Wave Motion Gun" is a cool song. That's off Shapeshifter. That's a song that a lot of people seem to really dig. It's one of those impression songs. In the end, it's telling the story about me trying to convince my friend not to do heroin anymore. And that became a theme of my life because I went to college in Olympia, Washington, in the early '90s. It was sort of a port area in the Pacific Northwest where all the heroin trade was coming through. And everybody was on it at the time in the early '90s. And all my friends were sort of disappearing, and I didn't know where they were going. I found out they were all doing heroin. And they were doing it together, which is really a weird thing. But I never did it. It was not something I was ever interested in. In fact, drugs are something that never really interested me, except for some experimentation. But I just started watching friends die and disappear and drop out of school and stuff, and turning up in houses in San Francisco and shit like that. And my one closest friend I tried to convince to stop doing it, and that's kind of what that song's about.





The song is pretty damn addictive, I think I might write a song about being addicted to this song.
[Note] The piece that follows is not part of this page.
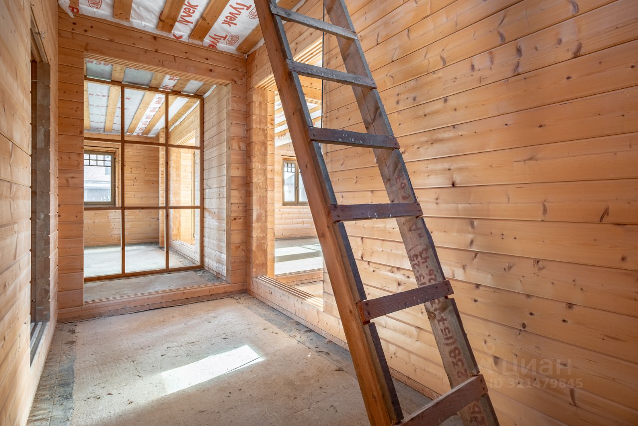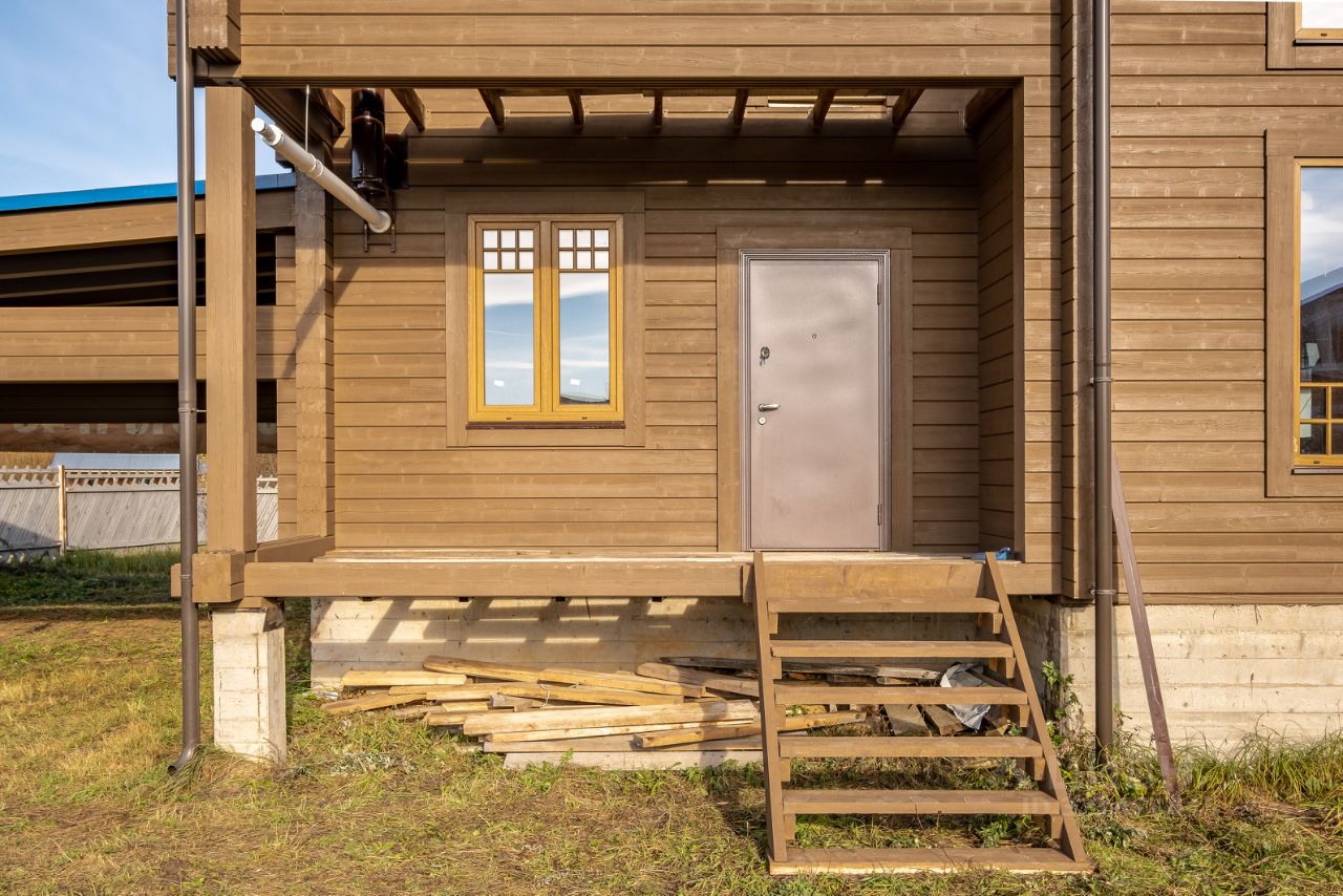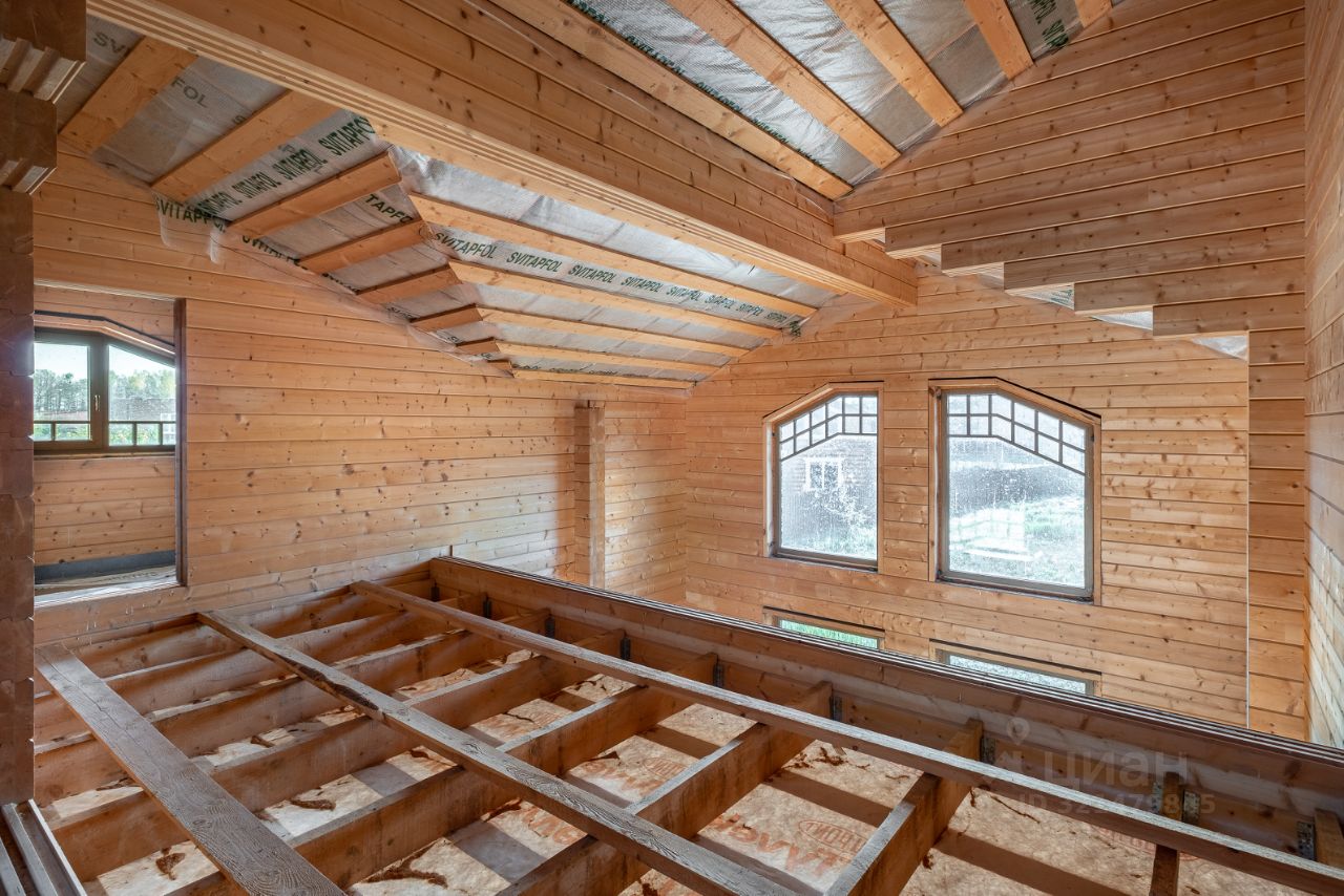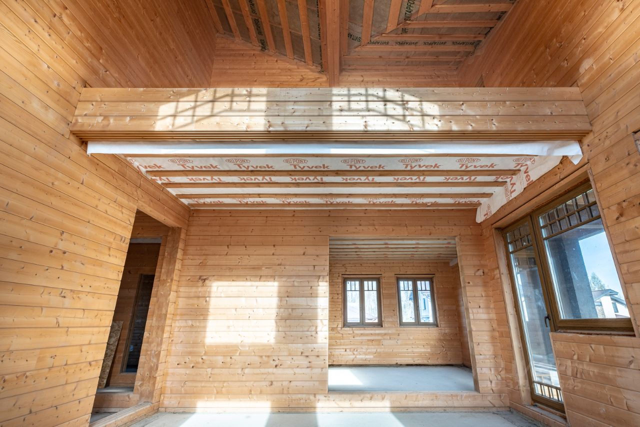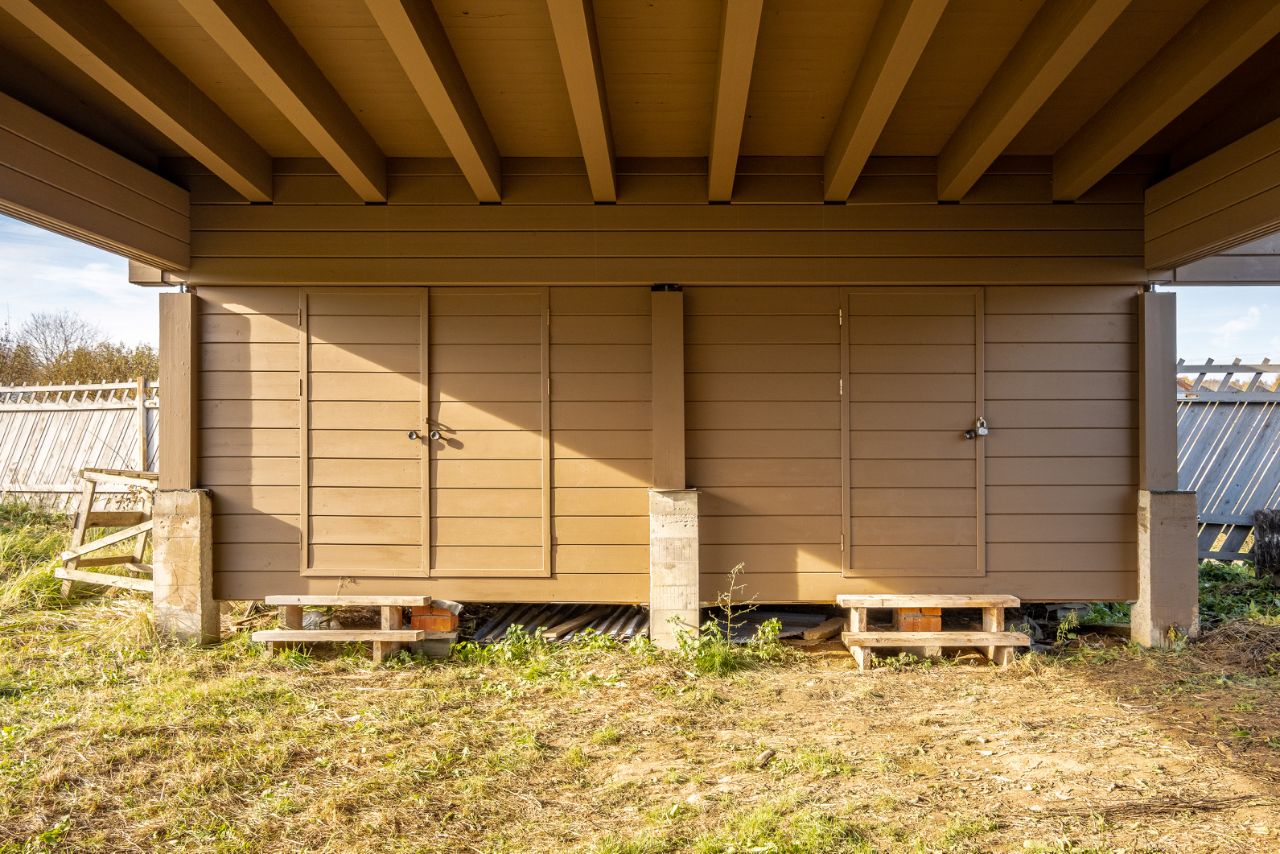 Площадь дома 195,6 кв.м. + терраса, балкон и подвал общий метраж 220 метров. Материал: клеёный брус (200мм), крыша мягкая черепица цвета Джинса. Высокий фундамент: буронабивные сваи, ленточная бетонная. Бетонный подвал в рост, залит фундамент под камин, утепленная крыша, а на участке проведена планировка (выравнивание с градиентом уклона).

As far as "one hit wonders" go, it's almost invariably the case that the one song which captures the attention of the public is among my least-liked songs by any particular band. It's a shame that so many bands are saddled with this moniker when their deeper album cuts are so much better than their one hit. Of course, with royalties being what they are, I'm sure any band would rather be a one-hit wonder than a no-hit wonder.

3 comments:

ifthethunderdontgetya™³²®© said...

the one song which captures the attention of the public is among my least-liked songs by any particular band

Even Radar Love?
~

mikey said...

Indeed.

I loathed 'Sex & Candy'.

I LOVE 'Saint Joe on the Schoolbus'. It's a wonderful, powerful, dramatic gutpunch of a song, and it's in regular rotation on a number of my favorite playlists....

OBS said...

Mrs. Snob and I are supposed to go to a superheroes-and-villains-themed fundraiser next month. Alas, she is not interested in dressing up as any of my anime-based suggestions. Closest I got was for us to be Speed Racer and Trixie, which she didn't completely dismiss out of hand.